Holographic multiple-input multiple-output (MIMO) is deemed as a promising technique beyond massive MIMO, unleashing near-field communications, localization, and sensing in the next-generation wireless networks. Semi-continuous surface with densely packed elements brings new opportunities for increased spatial degrees of freedom (DoFs) and spectrum efficiency (SE) even in the line-of-sight (LoS) condition. In this paper, we analyze holographic MIMO performance with disk-shaped large intelligent surfaces (LISs) according to different precoding designs. Beyond the well-known technique of orbital angular momentum (OAM) of radio waves, we propose a new design based on polar Walsh functions. Furthermore, we characterize the performance gap between the proposed scheme and the optimal case with singular value decomposition (SVD) alongside perfect channel state information (CSI) as well as other benchmark schemes in terms of channel capacity. It is verified that the proposed scheme marginally underperforms the OAM-based approach, while offering potential perspectives for reducing implementation complexity and expenditure.

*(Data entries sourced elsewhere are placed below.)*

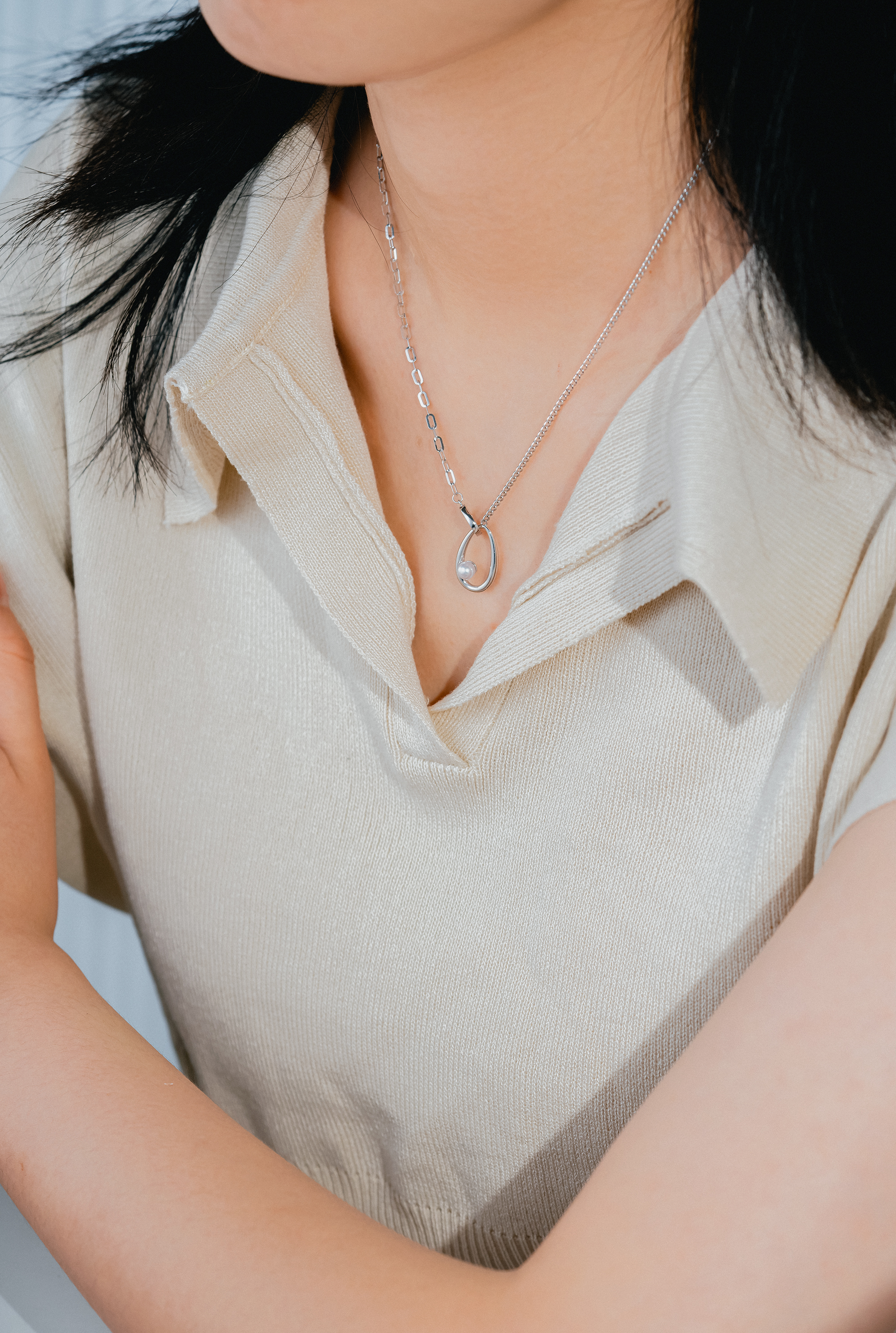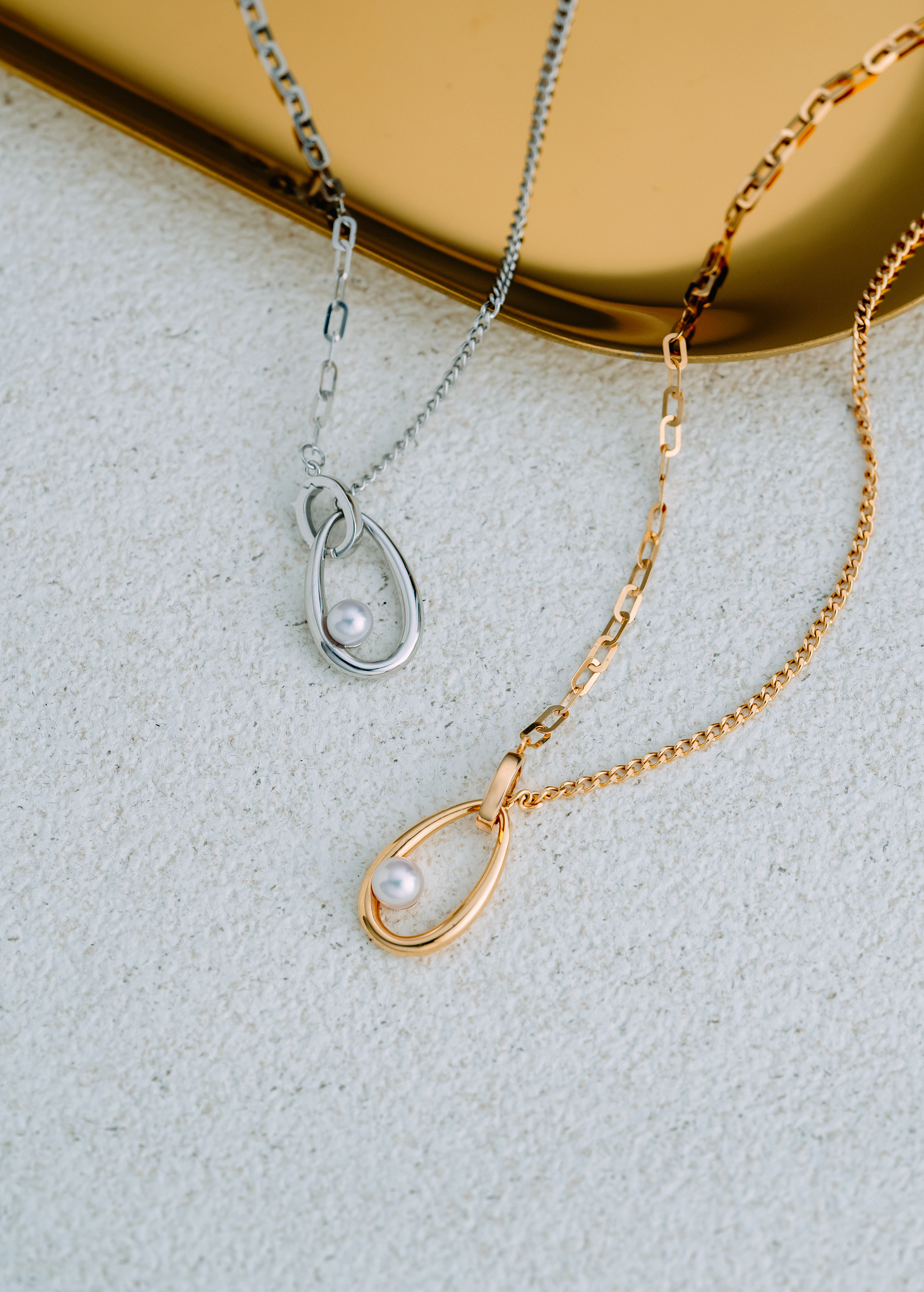 這條百變流線頸鏈獨具匠心,能隨著你的心情找出不一樣的戴法。精緻小巧的 Baby Akoya珍珠鑲嵌在18K金鵝蛋形線條上,營造出優雅而時尚的氛圍。這款頸鏈從簡單的日常穿搭到較正式的場合都能展現出獨特的魅力,成為你時尚造型的完美點綴。高品質的材料和精湛的工藝讓這款頸鏈成為絕佳的投資。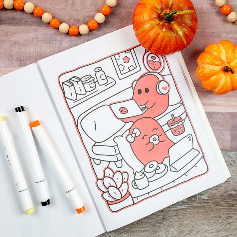 The scenes in this coloring book are sure to make you feel comfortably cozy as you color in the cute and creepy creatures!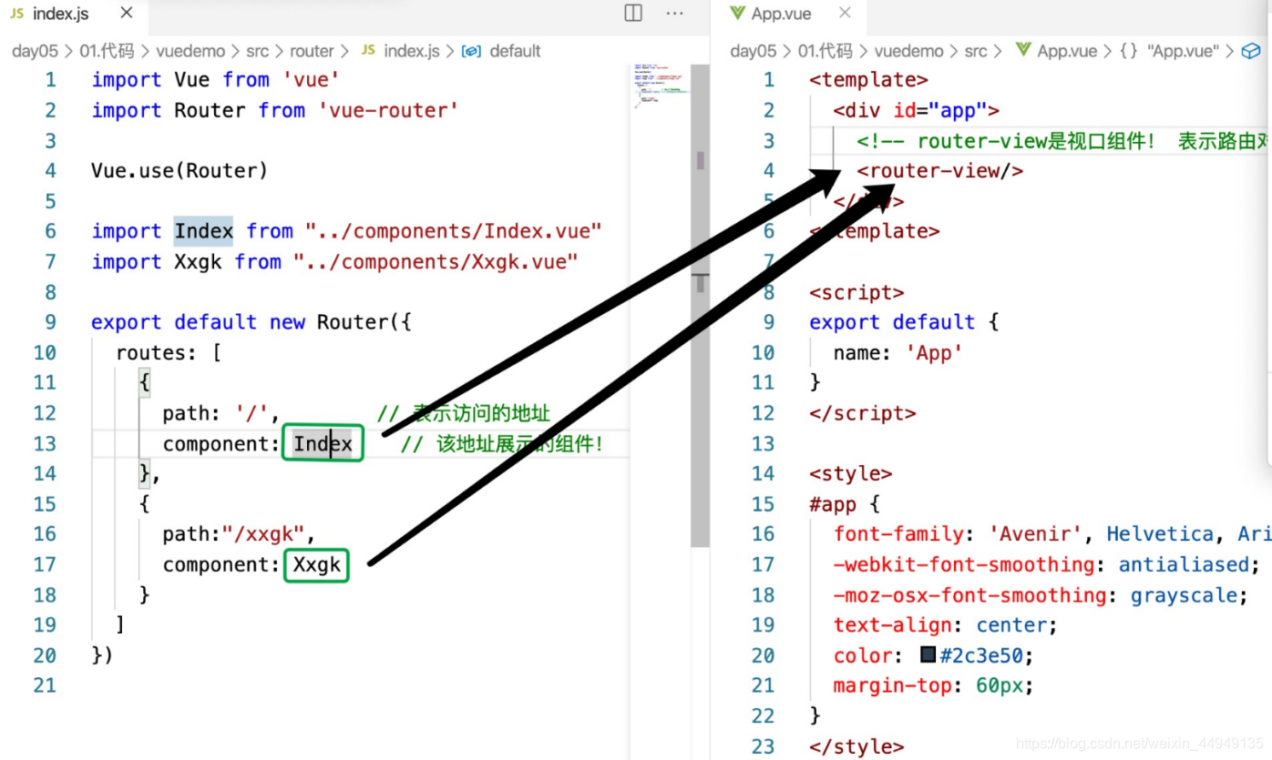 <!-- router-view是视口组件! 表示路由对应的地址的组件 展示输出的地方! -->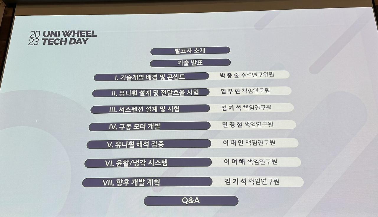 어제 다녀온 현대자동차 그룹 선행연구실의 신기술, 유니버설 휠 드라이브 시스템 발표회입니다.

翻译：全息多输入多输出（MIMO）被视为超越大规模MIMO的潜在技术，可在下一代无线网络中释放近场通信、定位与感知的潜力。半连续表面结合密集排列的单元为即使在视距（LoS）条件下增加空间自由度（DoFs）和频谱效率（SE）带来了新机遇。本文基于不同预编码设计，分析了配备盘形大智能表面（LISs）的全息MIMO性能。超越经典的无线电波轨道角动量（OAM）技术，我们提出了一种基于极坐标Walsh函数的新设计方案。此外，我们表征了所提方案与基于奇异值分解（SVD）及完美信道状态信息（CSI）的最优情况，以及其它基准方案在信道容量方面的性能差距。验证结果表明，所提方案性能略逊于基于OAM的方法，但在降低实现复杂度和成本方面具有潜在优势。